WHAT THE TASK REQUIRES
An exact repetition of every entry, with no images, is the required answer.

Entries taken from a collection

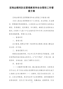 亚残会期间加强队伍管理教育和安全管控工作,确保措施到位,责任明确,监督有效。以下由网友整理分享的“亚残会期间队伍管理教育和安全管控工作督查方案”相关材料,便您学习参考,喜欢就分享给朋友吧!
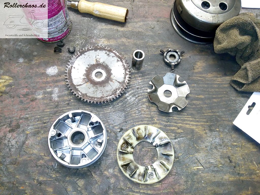 Antriebsseitig hat sich der kleine Chinese auch ganz gut gehalten, neue Fliehgewichte und ein neuer Antriebsriemen sind ja reine Routine.
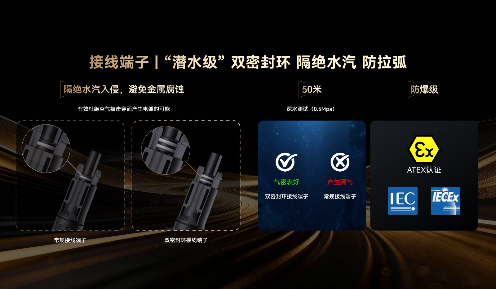 “潜水级”双密封环传统连接器单层密封易受水汽腐蚀,导致接触不良引发拉弧。隆基首创双密封设计,给接头穿上了“潜水服”,在0.5MPa(相当于水下50米)的极端水压下依然保持完美气密性。有效杜绝高湿度、高酸碱环境下的金属氧化,从物理上杜绝空气击穿。
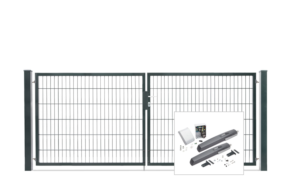 Das 2-flügelige Einfahrtstor VARIO compact verfügt über einen auf Gehrung verschweißten Rohrrahmen. Es ist ein stabiles und leichtgängiges Tor mit einem hochwertigen Abschluss durch stabilen Quadratrohrpfosten.
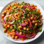 Start by rinsing and draining the chickpeas. Toss the vegetables and chickpeas in a big bowl. Whisk the dressing until smooth. Pour the dressing on the salad and toss gently. Top with peanuts, cilantro, and sesame seeds. Serve right away for the best crunch.
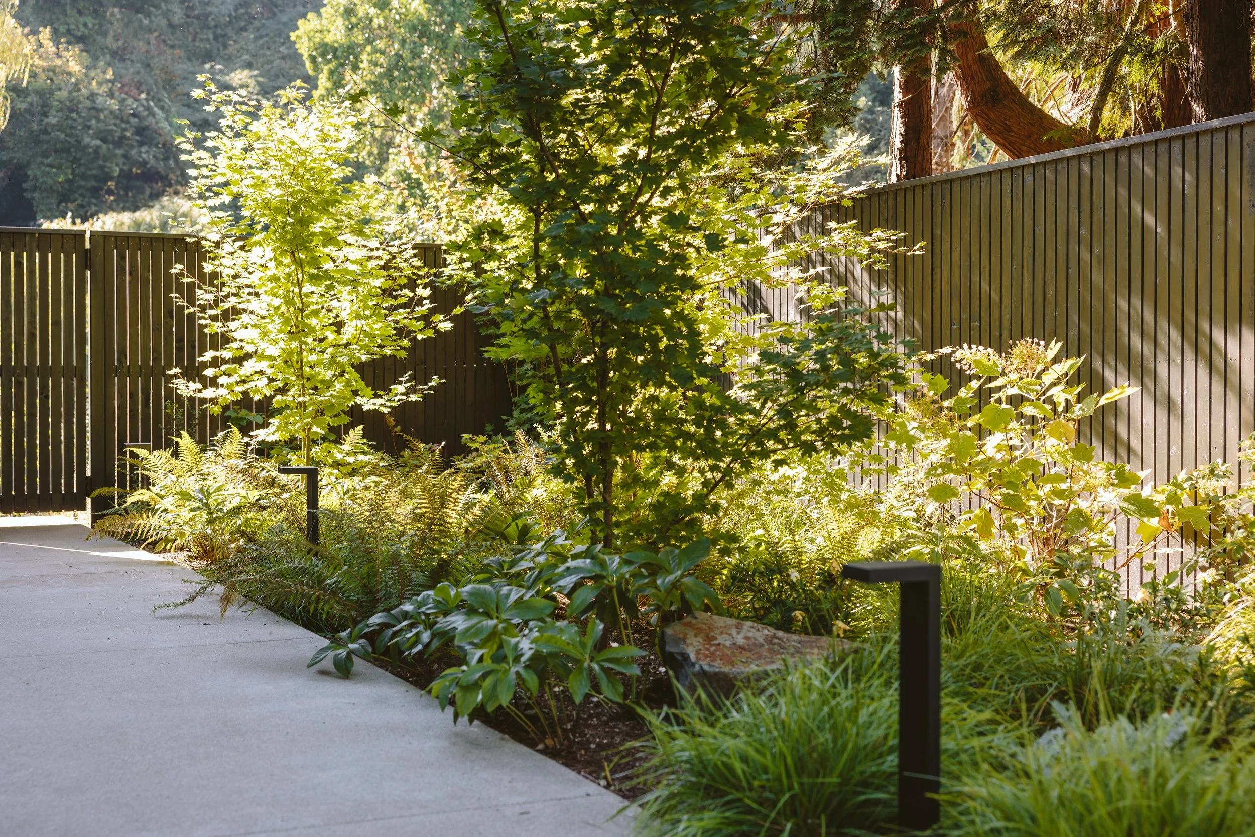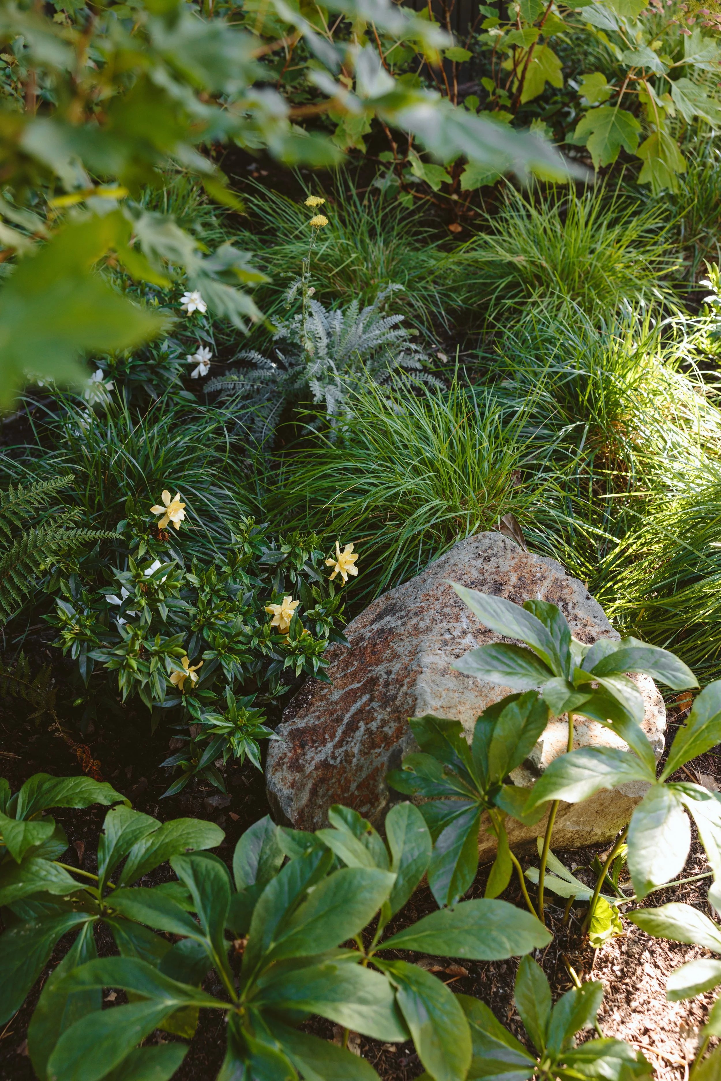 A re-imagined, large pond in the front yard landscape is highlighted by a naturalistic water feature, a massive Willow tree cascading over the east bank, a collection of tall River Birch trees with ample underplantings to buffer the road, and a variety of gathering spaces to enjoy the garden spaces, including a steel-edged fire pit area with views of the waterfall.

ANSWER SECTION
 亚残会期间加强队伍管理教育和安全管控工作,确保措施到位,责任明确,监督有效。以下由网友整理分享的“亚残会期间队伍管理教育和安全管控工作督查方案”相关材料,便您学习参考,喜欢就分享给朋友吧!
 Antriebsseitig hat sich der kleine Chinese auch ganz gut gehalten, neue Fliehgewichte und ein neuer Antriebsriemen sind ja reine Routine.
 “潜水级”双密封环传统连接器单层密封易受水汽腐蚀,导致接触不良引发拉弧。隆基首创双密封设计,给接头穿上了“潜水服”,在0.5MPa(相当于水下50米)的极端水压下依然保持完美气密性。有效杜绝高湿度、高酸碱环境下的金属氧化,从物理上杜绝空气击穿。
 Das 2-flügelige Einfahrtstor VARIO compact verfügt über einen auf Gehrung verschweißten Rohrrahmen. Es ist ein stabiles und leichtgängiges Tor mit einem hochwertigen Abschluss durch stabilen Quadratrohrpfosten.
 Start by rinsing and draining the chickpeas. Toss the vegetables and chickpeas in a big bowl. Whisk the dressing until smooth. Pour the dressing on the salad and toss gently. Top with peanuts, cilantro, and sesame seeds. Serve right away for the best crunch.
 A re-imagined, large pond in the front yard landscape is highlighted by a naturalistic water feature, a massive Willow tree cascading over the east bank, a collection of tall River Birch trees with ample underplantings to buffer the road, and a variety of gathering spaces to enjoy the garden spaces, including a steel-edged fire pit area with views of the waterfall.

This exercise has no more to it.